By contrast, Oscar’s suggestion of having a simple s-expr parser written in C would work like this:

  • Parser is written in Julia
  • Initially the Parser is parsed with the legacy flisp parser
  • The parser parses itself and emits s-exprs for the parser code
  • Commit these generated s-exprs along with Julia source for parser
  • Also implement a simple s-expr parser in C that can parse saved s-exprs
  • Bootstrapping: the simple s-expr parser parses the saved s-exprs, which produces a working Julia parser that can be used to parse Julia code

Normally the Julia parer goes straight from Julia source => Julia AST, which is fine when you have a fully working parser already. This approach effectively uses s-exprs as a “virtual machine” for parsing, decoupling the complex parsing part, i.e.

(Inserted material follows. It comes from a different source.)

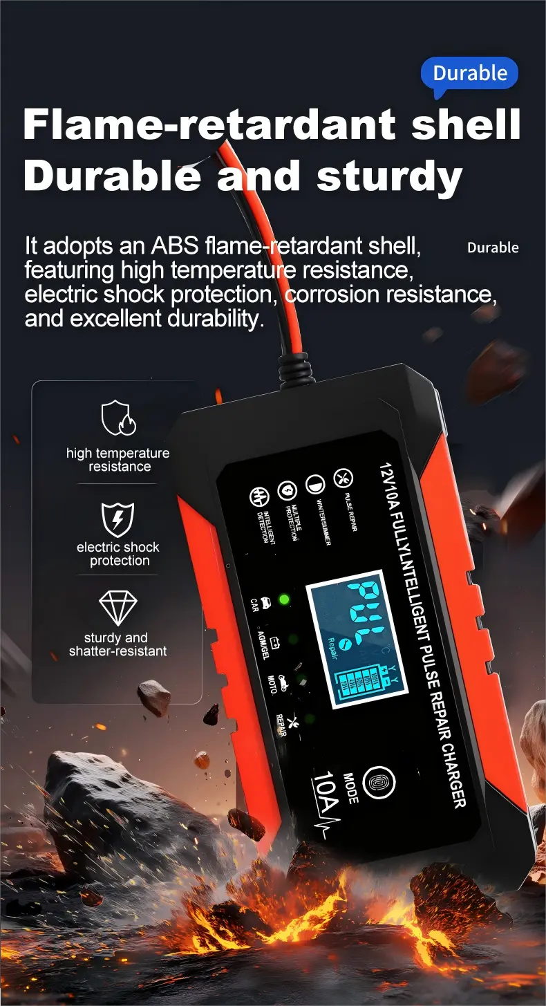 2. Intelligent sikkerhet og batteribeskyttelse: Innebygd beskyttelse mot overlading, kortslutninger, omvendt polaritet og overoppheting sikrer full sikkerhet. Den tar i bruk en 4-trinns smart ladeprosess (forhåndslading, konstant strøm, konstant spenning, flyter) og slår automatisk av strømmen når batteriet er fulladet, noe som forlenger batteriets levetid med opptil 30 % sammenlignet med tradisjonelle ladere.

Julia source => s-exprs, from the platform-specific part, i.e. s-exprs => Julia AST. This is analogous to how JVM byte code is used to separate the Java language front-end, which can “just” produce VM byte code from the platform-specific part that needs to take byte code and actually run it on a specific platform. But in this case, “interpreting” s-expr byte code is just a matter of turning a file with s-exprs into Julia AST, which is really very straightforward (much more straightforward than implementing a JVM). This way you can do the Julia source => s-exprs part on a system where you already have a working parser, save the s-exprs (which are system-independent), move them to another system where you don’t have a working parser, and use a simple s-expr parser to convert that into in-memory Julia AST on the new system, which can then actually be evaluated.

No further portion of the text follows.